#### Exercise instructions
Nothing but the lines from the top of the records through the line with "Ontdek THOR, een" should be returned, exactly, and without pictures.

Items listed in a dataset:
● ● ● ● ● ● ●

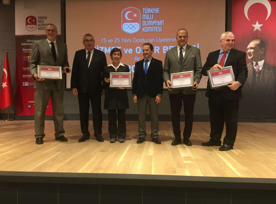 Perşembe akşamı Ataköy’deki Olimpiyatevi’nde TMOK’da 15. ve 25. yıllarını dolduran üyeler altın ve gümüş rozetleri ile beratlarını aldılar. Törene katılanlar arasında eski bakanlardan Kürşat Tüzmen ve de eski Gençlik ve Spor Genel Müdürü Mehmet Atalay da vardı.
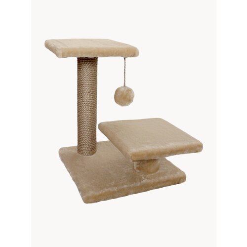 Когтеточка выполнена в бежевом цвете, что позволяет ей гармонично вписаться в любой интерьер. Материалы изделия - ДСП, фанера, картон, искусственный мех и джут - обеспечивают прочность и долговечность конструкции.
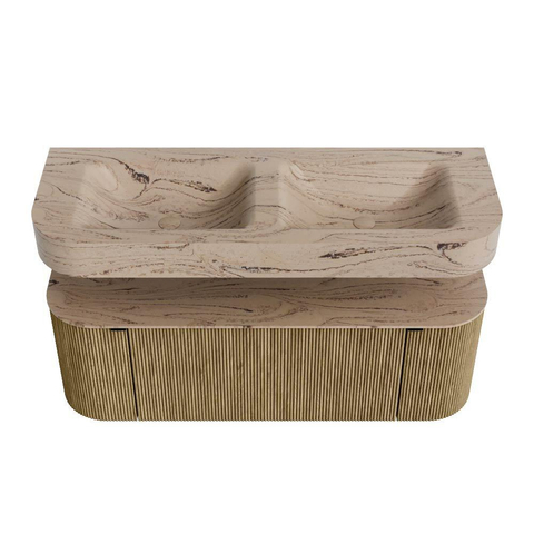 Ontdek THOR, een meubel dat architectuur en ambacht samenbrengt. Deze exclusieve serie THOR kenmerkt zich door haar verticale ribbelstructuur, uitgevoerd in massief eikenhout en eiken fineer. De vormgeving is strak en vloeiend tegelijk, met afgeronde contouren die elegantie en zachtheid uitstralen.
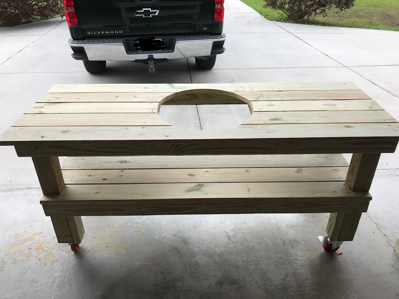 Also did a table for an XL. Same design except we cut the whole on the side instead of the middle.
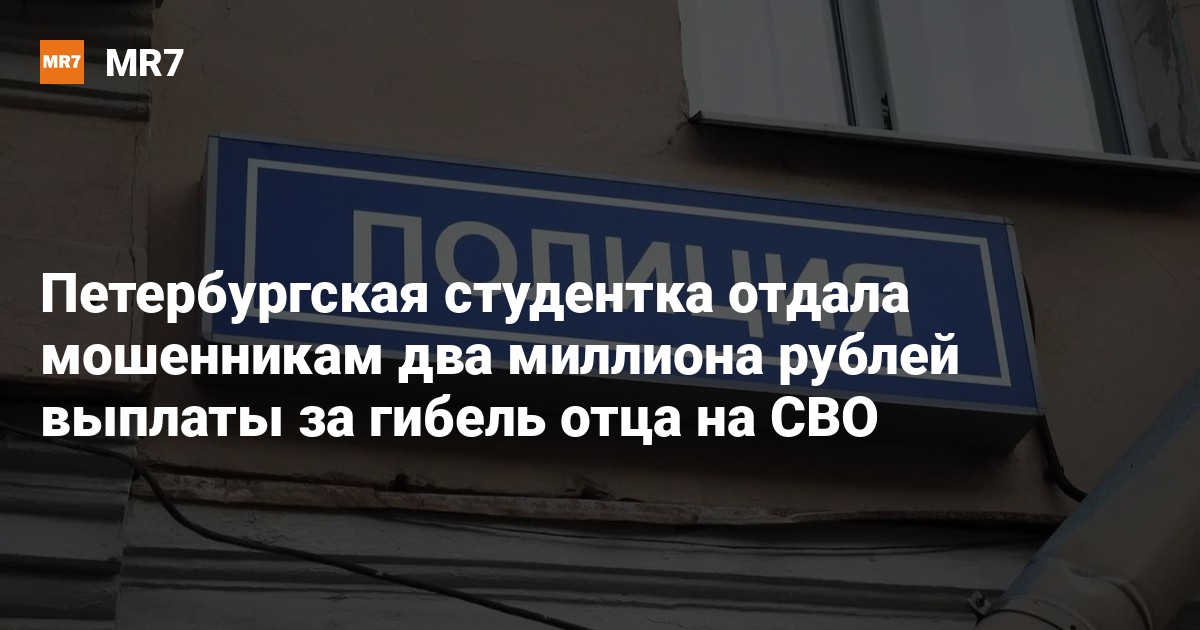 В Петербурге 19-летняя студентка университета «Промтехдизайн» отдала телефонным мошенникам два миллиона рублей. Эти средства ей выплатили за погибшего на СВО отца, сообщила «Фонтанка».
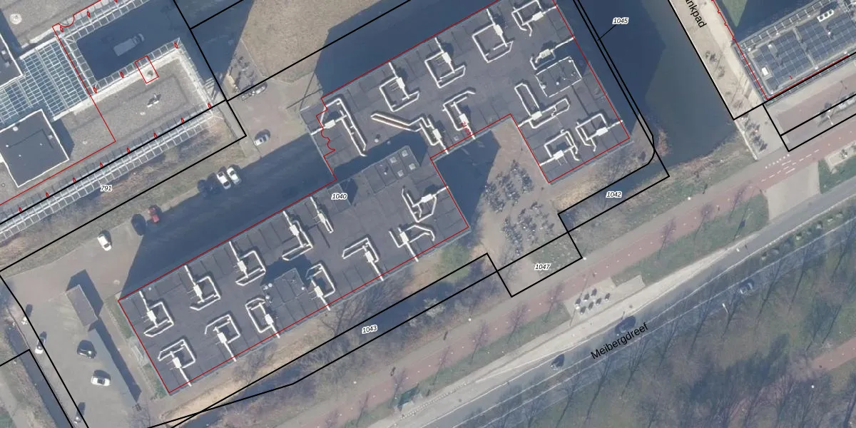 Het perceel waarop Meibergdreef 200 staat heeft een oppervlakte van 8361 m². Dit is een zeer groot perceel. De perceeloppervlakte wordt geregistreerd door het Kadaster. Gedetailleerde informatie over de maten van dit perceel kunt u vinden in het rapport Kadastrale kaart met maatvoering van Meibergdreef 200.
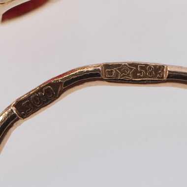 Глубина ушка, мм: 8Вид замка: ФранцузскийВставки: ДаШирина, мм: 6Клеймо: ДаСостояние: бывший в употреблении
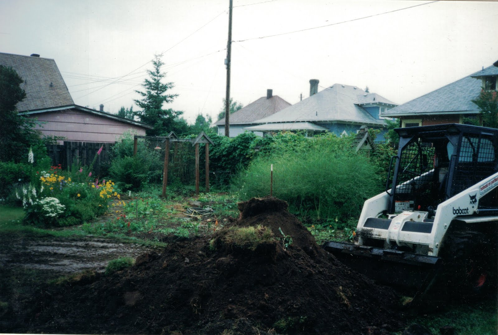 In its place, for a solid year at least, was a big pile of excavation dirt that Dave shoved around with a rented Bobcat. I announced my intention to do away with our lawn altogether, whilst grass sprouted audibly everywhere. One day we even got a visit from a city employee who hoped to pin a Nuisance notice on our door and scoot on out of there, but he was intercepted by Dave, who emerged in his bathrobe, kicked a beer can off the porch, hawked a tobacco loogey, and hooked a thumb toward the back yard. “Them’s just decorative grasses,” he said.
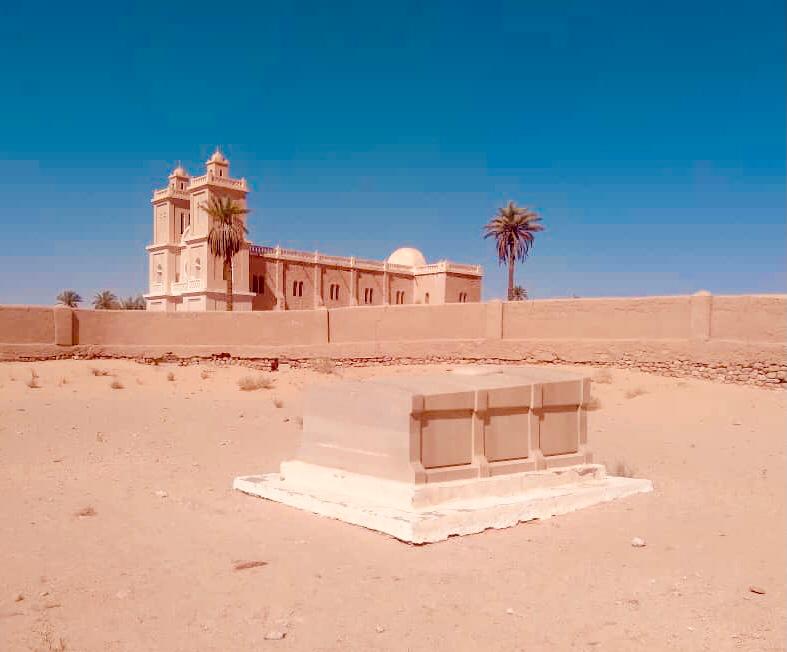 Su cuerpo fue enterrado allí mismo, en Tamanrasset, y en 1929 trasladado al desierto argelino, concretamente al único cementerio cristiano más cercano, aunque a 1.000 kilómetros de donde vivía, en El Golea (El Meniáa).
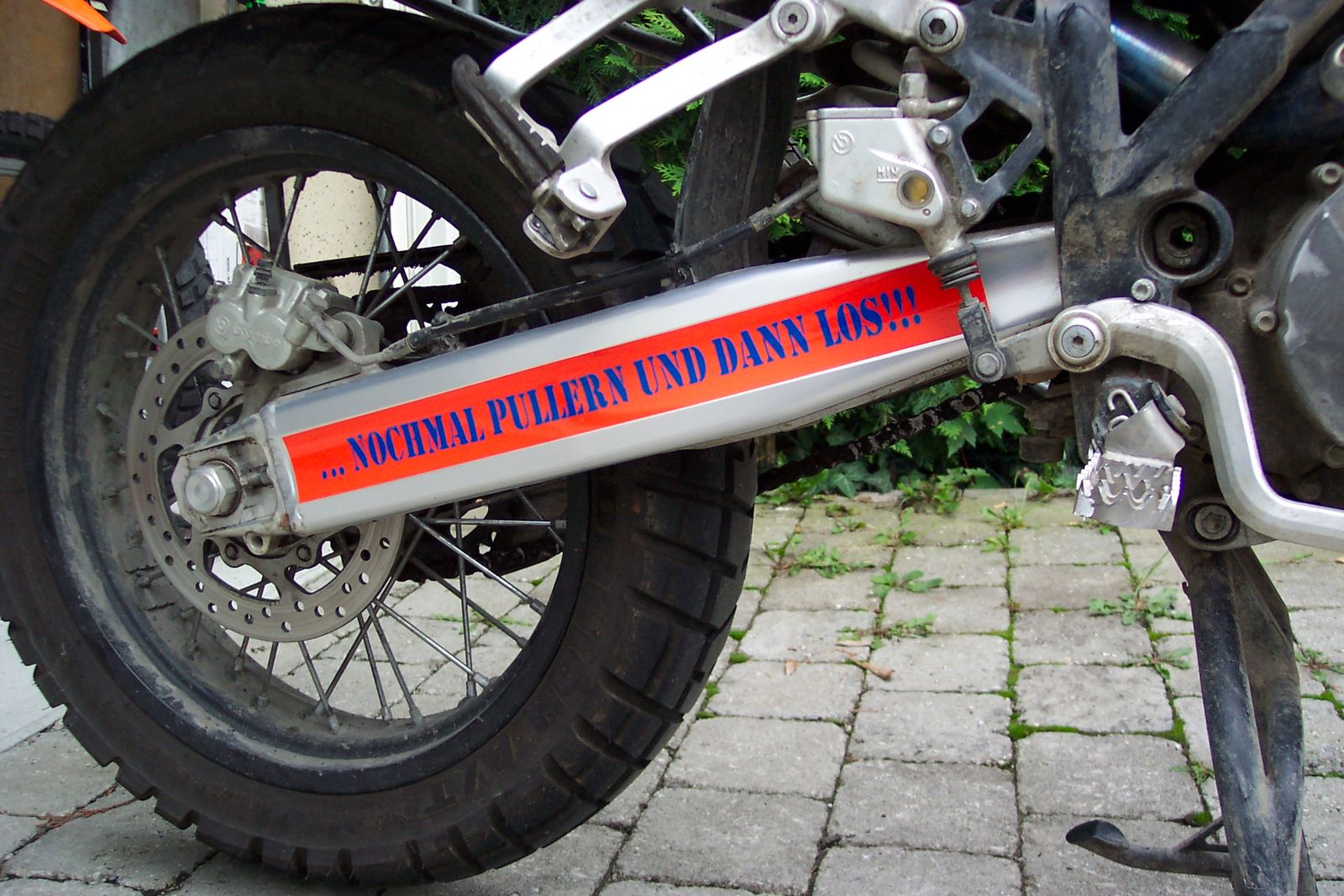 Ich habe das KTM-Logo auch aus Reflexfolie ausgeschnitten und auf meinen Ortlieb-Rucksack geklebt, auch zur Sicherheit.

● ● ● ● ● ● ●

#### Answer space
 Perşembe akşamı Ataköy’deki Olimpiyatevi’nde TMOK’da 15. ve 25. yıllarını dolduran üyeler altın ve gümüş rozetleri ile beratlarını aldılar. Törene katılanlar arasında eski bakanlardan Kürşat Tüzmen ve de eski Gençlik ve Spor Genel Müdürü Mehmet Atalay da vardı.
 Когтеточка выполнена в бежевом цвете, что позволяет ей гармонично вписаться в любой интерьер. Материалы изделия - ДСП, фанера, картон, искусственный мех и джут - обеспечивают прочность и долговечность конструкции.
 Ontdek THOR, een meubel dat architectuur en ambacht samenbrengt. Deze exclusieve serie THOR kenmerkt zich door haar verticale ribbelstructuur, uitgevoerd in massief eikenhout en eiken fineer. De vormgeving is strak en vloeiend tegelijk, met afgeronde contouren die elegantie en zachtheid uitstralen.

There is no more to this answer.